No, it does not. It ties buffer objects that provide vertex data to the vertex formats for that data. And it specifies which vertex attribute indices that goes to. But how tightly coupled this is to "GLSL program input data" is entirely up to you.
Without a dedicated software design, this means that when I change the material of an object (a new fragment shader), I need different VAO...
Unless this line equates "a dedicated software design" with "reasonable programming practice", this is pure nonsense.
Here's what I mean. You'll see example code online that does things like this when they set up their vertex data:
glBindBuffer(GL_ARRAY_BUFFER, buffer_object);
glEnableVertexAttribArray(glGetAttribLocation(prog, "position"));
glVertexAttribPointer(glGetAttribLocation(prog, "position"), ...);
There is a technical term for this: terrible code. The only reason to do this is if the shader specified by prog is somehow not under your direct control. And if that's the case... how do you know that prog has an attribute named "position" at all?
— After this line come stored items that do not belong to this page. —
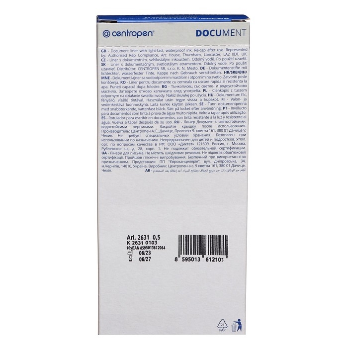 Centropen 2631 — светостойкий линер для документов с эргономичной зоной обхвата.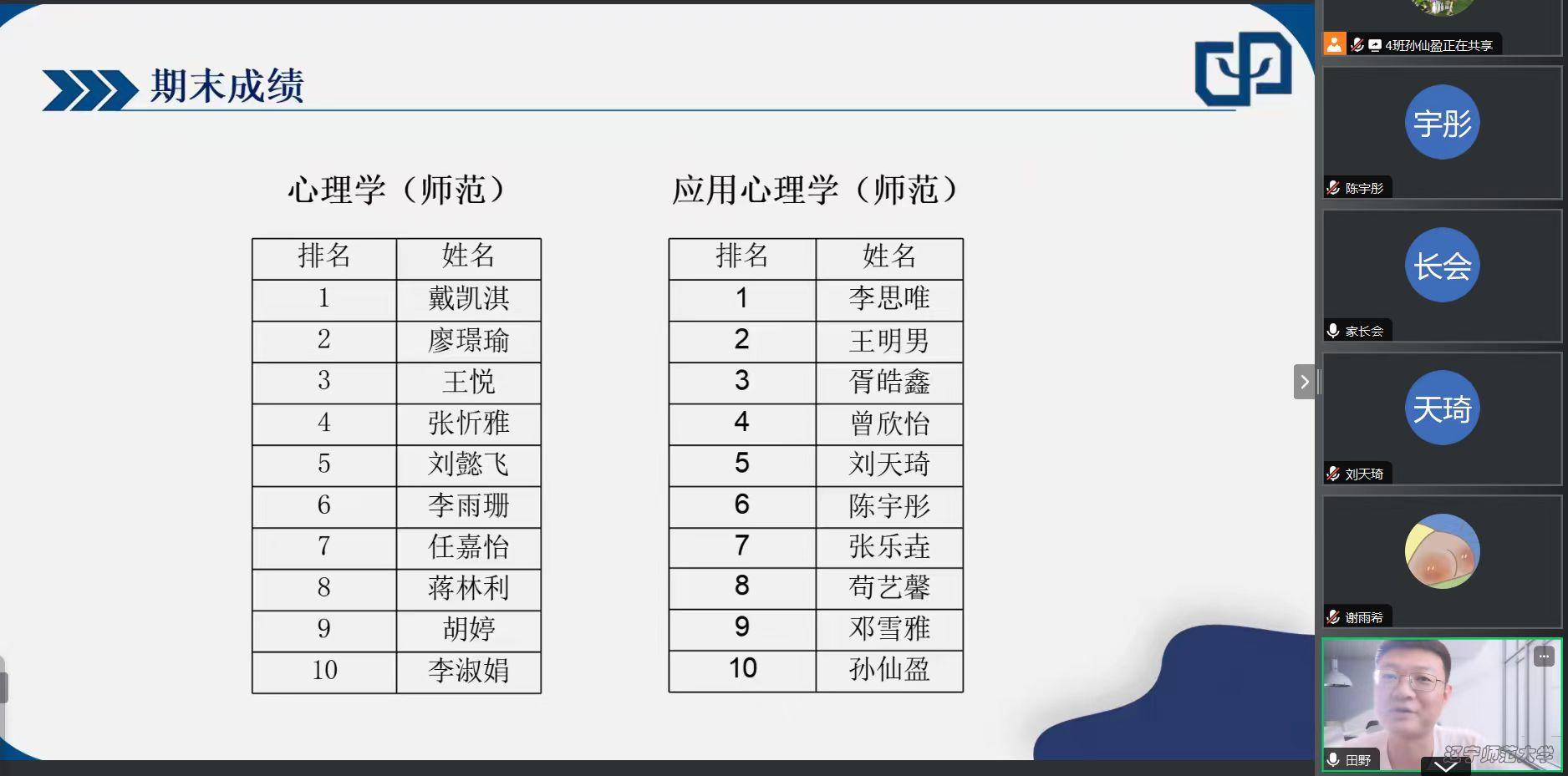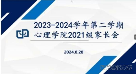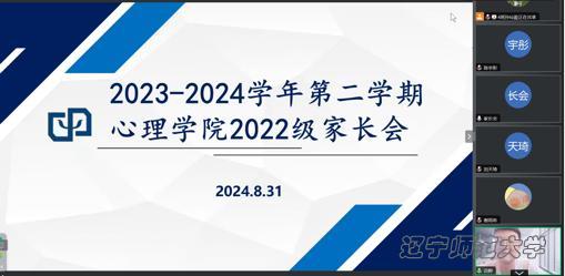 为加强家校联系,促进学生全面发展,我院于2024年8月28日、31日召开2023至2024学年第二学期本科生线上家长会。本次会议由党委副书记董成文老师和团委书记田野老师主持,心理学院全体本科生家长参加。
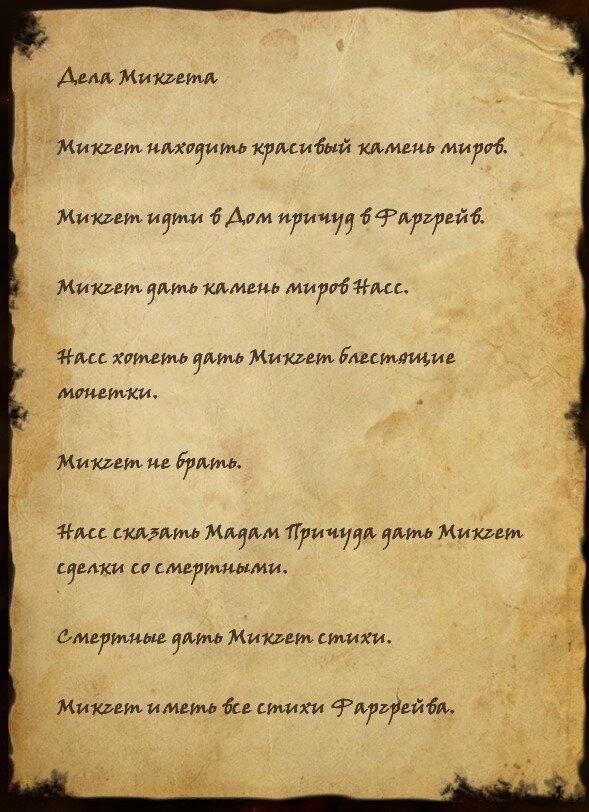 В двух шагах от Нагорья Предателя каджит обнаружил мертвого скампа, а рядом с ним список дел и сумку. Судя по тому, что написано в записке, скампа звали Микгет и он нашел для Насс из Фаргрейва камень миров. Надо забрать камень и отнести его хозяйке. Информация и иллюстрации взяты из клиента игры The Elder Scrolls Online. Навигатор по статьям канала. 1. Забрать белый камень миров. Заберем камень из сумки скампа. Теперь нужно доставить его в Фаргрейв. 2. Найти Насс. Ее мы найдем в Доме Причуд на первом этаже. 3. Поговорить с Насс. Очень занятая Насс надеется, что мы не из тех, кто любит отвлекать от дел без причины. Услышав, что мы нашли камень миров у тела Микгета, суровая дама ничуть не удивится. Для поисков подобного рода Микгету недостает собранности. Он очень старается, но пока не умеет передвигаться с должной сноровкой. Чтобы научиться, ему понадобится не одно тысячелетие. Как и любой даэдра, он умер ненадолго. Может, в этот раз смерть его хоть чему-то научит, а не как обычно. Все

Reasonable programming practice for shaders is to use conventions. That's how you know prog has an attribute named "position". But if you know that every program is going to have an attribute named "position", why not take it one step further? When it comes time to link a program, do this:
GLuint prog = glCreateProgram();
glAttachShader(prog, ...); //Repeat as needed.
glBindAttribLocation(prog, 0, "position");
After all, you know that this program must have an attribute named "position"; you're going to assume that when you get it's location later. So cut out the middle man and tell OpenGL what location to use.
This way, you don't have to use glGetAttribLocation; just use 0 when you mean "position".
Even if prog doesn't have an attribute named "position", this will still link successfully. OpenGL doesn't mind if you bind attribute locations that don't exist. So you can just apply a series of glBindAttribLocation calls to every program you create, without problems. Indeed, you can have multiple conventions for your attribute names, and as long as you stick to one set or the other, you'll be fine.
Even better, stick it in the shader and don't bother with the glBindAttribLocation solution at all:
#version 330
layout(location = 0) in vec4 position;
In short: always use conventions for your attribute locations. If you see glGetAttribLocation in a program, consider that a code smell. That way, you can use any VAO for any program, since the VAO is simply written against the convention.
I don't see how having a convention equates to "dedicated software design", but hey, I didn't write that line either.
I can switch between different shader programs
Yes, but you have to replace whole programs altogether. Separate shader objects allow you to replace only one stage (e.g. only vertex shader).
If you have for example N vertex shaders and M vertex shaders, using conventional linking you would have N * M program objects (to cover all posible combinations). Using separate shader objects, they are separated from each other, and thus you need to keep only N + M shader objects. That's a significant improvement in complex scenarios.